Solved – feature selection on training and test data

cross-validationfeature selectionmachine learningmethodologypredictive-models

it is clear that feature selection (FS) have to be done separately on training and then on test data to avoid overly optimistic results. Lets assume that I have training set and test data set. Also assume that I am using filter FS.

1. I do FS on training data, use data(features) selected by FS to train classifier (e.g. SVM: svm.train(X_train,y)). Assume that top 5 features selected by FS and used for training were: A,B, D, F, L (lets forget any parameter tuning for now).

I am not sure what the second step should be.
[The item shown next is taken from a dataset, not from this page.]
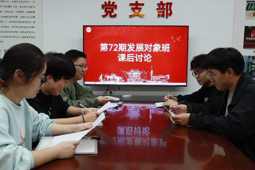 11月14日公司72期发展对象班研究生学员在翡翠湖校区科教楼A座5楼大厅会议室举行了围绕“结合研究生学习生活谈一谈如何在树立良好校风学风方面做表率”的主题讨论。

There are two options.

2A. Apply FS on TEST data. In this case FS method can select different 5 top features e.g. A,B,C,D,E. Use this feature to test the model (e.g. y=svm.predict(X_test))

2B. From the TEST data we select exactly same features that were selected by FS in training stage (e.g A,B,D,F,L) and use this features to test the model (y=svm.predict(X_test)). In this step we apparently do not need to run FS algorithm, since we already know from step 1 which features we need to selct.

Which of these two approaches is correct?
Thanks.

Best Answer

Definitely 2B. Your model is built with feature A,B,D,F,L and wouldn't be able to interpret the other features appropriately. Additionally, I would recommend you to look into Nested Cross-validation (Applying FS when cross-validating).